I thought that I had understood fat pointers in Rust, but I have a case where I can't understand why they seem to percolate outwards from an inner type. Presumably my mental model is off, but I'm struggling to come up with a satisfactory explanation for this code:
use std::cell::RefCell;
use std::fmt::Debug;
use std::mem::size_of;
use std::rc::Rc;
fn main() {
println!("{}", size_of::<Rc<RefCell<Vec<u8>>>>());
println!("{}", size_of::<Rc<RefCell<Debug>>>());
println!("{}", size_of::<Box<Rc<RefCell<Debug>>>>());
}
which, on a 64-bit machine, prints 8, 16, 8. Playground link.
Since Rc makes a Box internally (using into_raw_non_null), I expected this to print 8, 8, 8. Is there a reason why, at least from size_of's perspective, the fat pointer seems to percolate outwards from Debug, even past Rc's Box? Is it because it's stored as a raw pointer perhaps?
Ultimately, Rc<RefCell<Debug>> is the trait object and trait objects are fat pointers. The types inside and outside of it are not fat pointers.
There are no fat pointers in the Vec<u8> set, whatsoever.
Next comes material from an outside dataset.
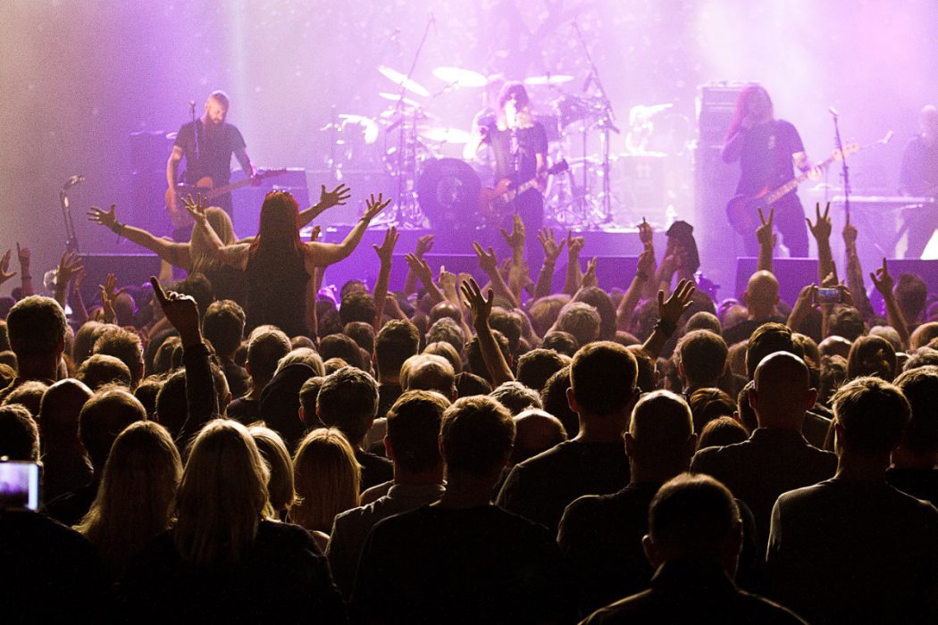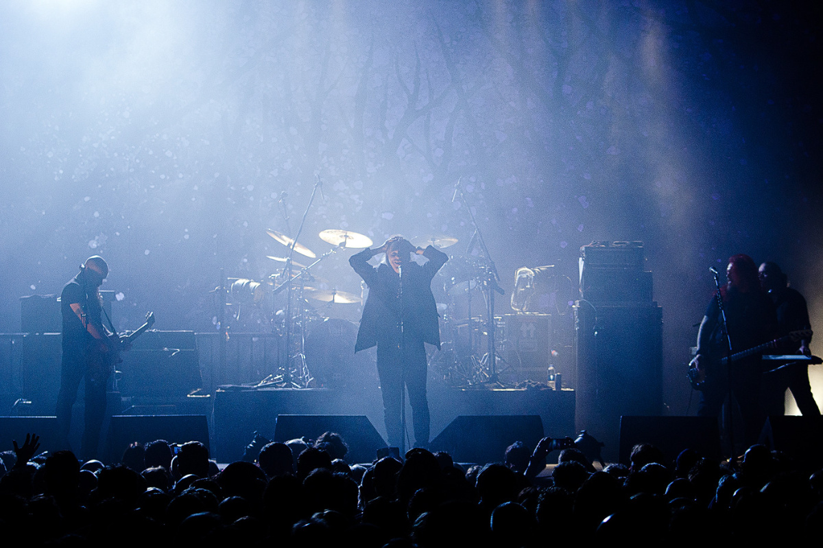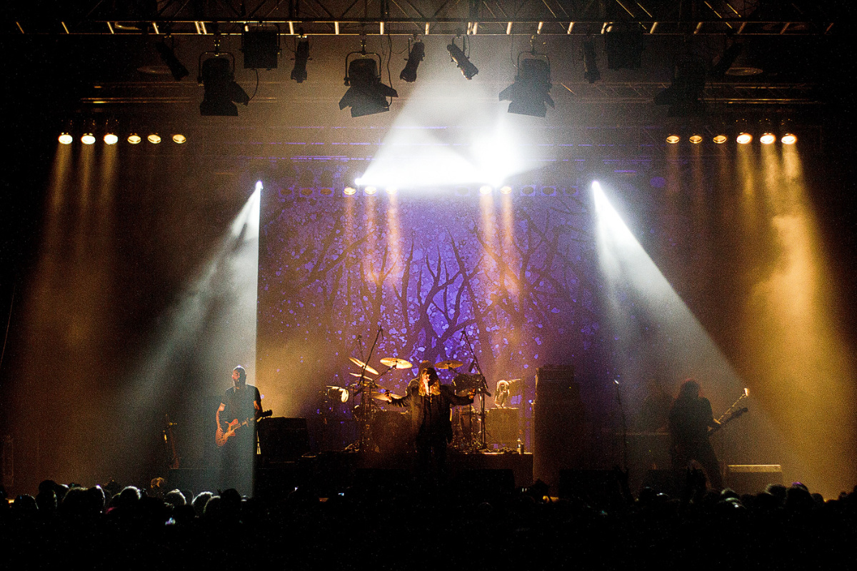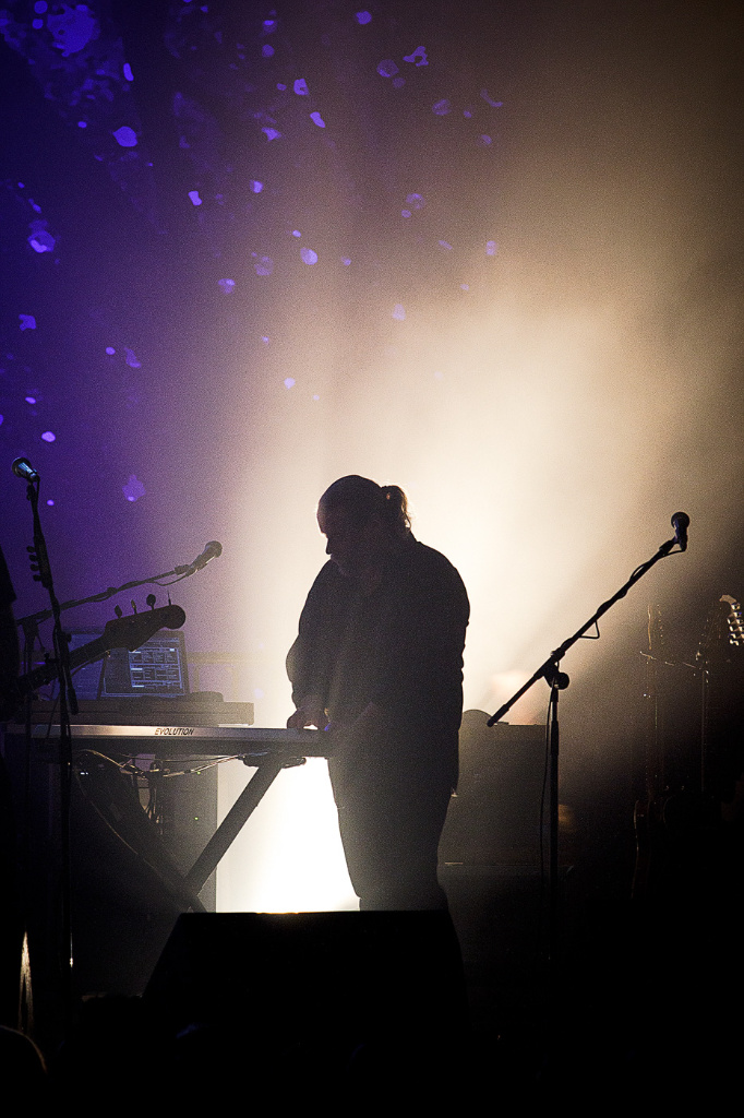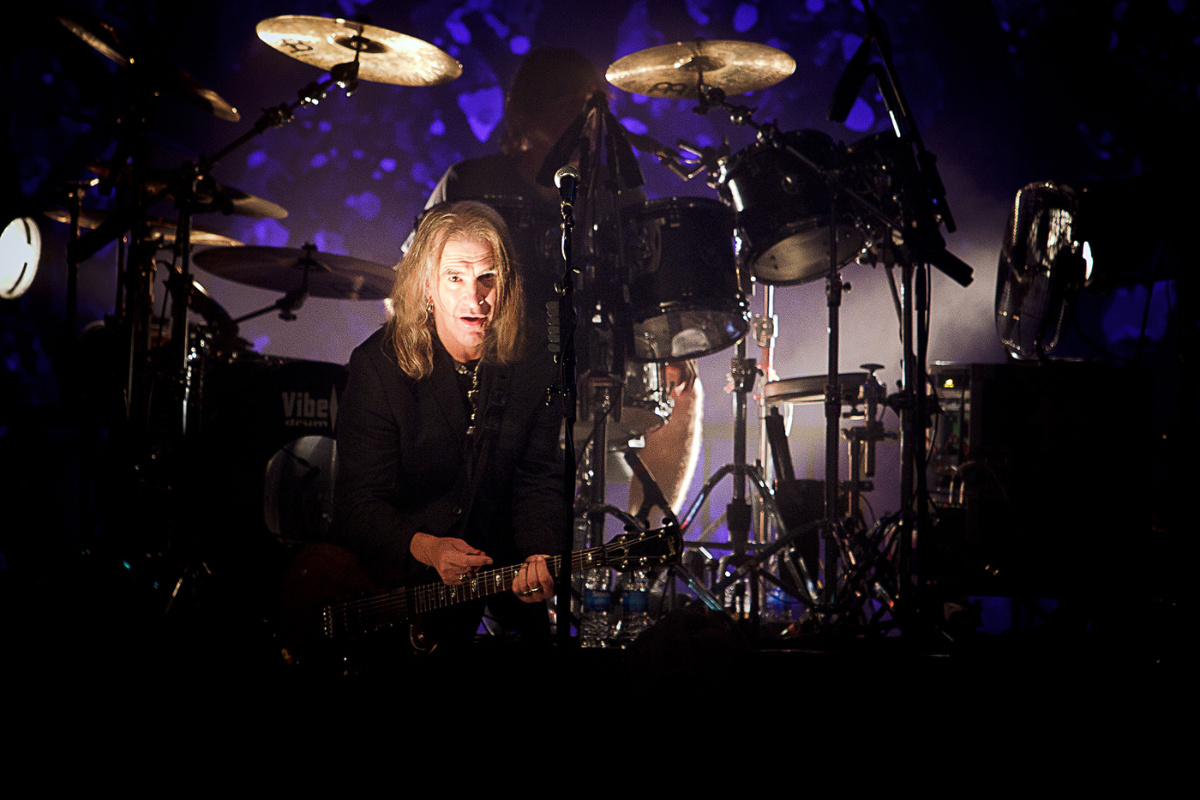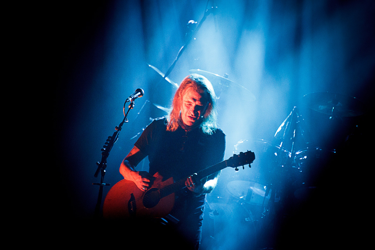Natürlich stand das kürzlich erschienene Album „From Here“ im Mittelpunkt. Die neuen Titel fügten sich sehr gut in die Setlist ein, welche darüber hinaus eine Reise durch die lange Bandgeschichte bedeutete: 15 Titel aus elf Alben. Einzig drei Alben blieben unberücksichtigt. Höhepunkte zu benennen, fällt mehr als schwer. Schließlich können New Model Army aus dem Vollen schöpfen. Das Repertoire aus großartigen Liedern erscheint endlos. Beispielsweise dem direkt auf „51st state“ folgenden Song „Believe it“ aus dem Jahr 1992: Eindringlich, kraftvoll und doch ein Stück weit melancholisch. Spätestens als auf Justin Sullivans Frage „Is this where we’ve come to?” ein mehrstimmiger Chor mit den Worten „I don’t believe it” antwortete, konnte man sich über einen Moment mit Gänsehautfaktor freuen. Gleiches gilt für die Darbietung des brillanten Titels „Here Comes The War“, bei dem zahlreiche Arme in die Höhe gestreckt wurden. Insbesondere im vorderen Bereich der Halle wurde enthusiastisch getanzt und die bekannten Stücke textsicher mitgesungen.

A Vec<T> is a (*mut T, usize, usize), a RefCell<T> is a (T, usize), and an Rc<T> is a (*mut T).
size_of | is
---------------------+---
Vec<u8> | 24
RefCell<Vec<u8>> | 32
Rc<RefCell<Vec<u8>>> | 8
Your second and third cases do involve a fat pointer for a trait object: Rc<RefCell<dyn Debug>>. Putting a trait object behind another pointer (the Rc) creates a thin pointer to the concrete type: *mut RefCell<dyn Debug>.
size_of | is
----------------------------+---
Rc<RefCell<dyn Debug>> | 16
Box<Rc<RefCell<dyn Debug>>> | 8
Notably, it's impossible to create a RefCell<dyn Debug>:
error[E0277]: the size for values of type `dyn std::fmt::Debug` cannot be known at compilation time
--> src/main.rs:4:20
|
4 | println!("{}", mem::size_of::<RefCell<dyn Debug>>());
| ^^^^^^^^^^^^^^^^^^^^^^^^^^^^^^^^^^ doesn't have a size known at compile-time
|
= help: within `std::cell::RefCell<dyn std::fmt::Debug>`, the trait `std::marker::Sized` is not implemented for `dyn std::fmt::Debug`
= note: to learn more, visit <https://doc.rust-lang.org/book/second-edition/ch19-04-advanced-types.html#dynamically-sized-types-and-the-sized-trait>
= note: required because it appears within the type `std::cell::RefCell<dyn std::fmt::Debug>`
= note: required by `std::mem::size_of`
The trait object requires some indirection; when you add some, you've finally constructed some type of fat pointer.
You can use the unstable option -Z print-type-sizes to explore the layout of structs:
type: `std::rc::RcBox<std::cell::RefCell<dyn std::fmt::Debug>>`: 24 bytes, alignment: 8 bytes
field `.strong`: 8 bytes
field `.weak`: 8 bytes
field `.value`: 8 bytes
type: `core::nonzero::NonZero<*const std::rc::RcBox<std::cell::RefCell<dyn std::fmt::Debug>>>`: 16 bytes, alignment: 8 bytes
field `.0`: 16 bytes
type: `std::ptr::NonNull<std::rc::RcBox<std::cell::RefCell<dyn std::fmt::Debug>>>`: 16 bytes, alignment: 8 bytes
field `.pointer`: 16 bytes
type: `std::rc::Rc<std::cell::RefCell<dyn std::fmt::Debug>>`: 16 bytes, alignment: 8 bytes
field `.ptr`: 16 bytes
field `.phantom`: 0 bytes, offset: 0 bytes, alignment: 1 bytes
type: `std::cell::RefCell<dyn std::fmt::Debug>`: 8 bytes, alignment: 8 bytes
field `.borrow`: 8 bytes
field `.value`: 0 bytes
I'm not 100% about parsing this output, as I expect RefCell<dyn Debug> to be an unsized type (as shown by the error above). I assume the meaning of "0 bytes" is overloaded.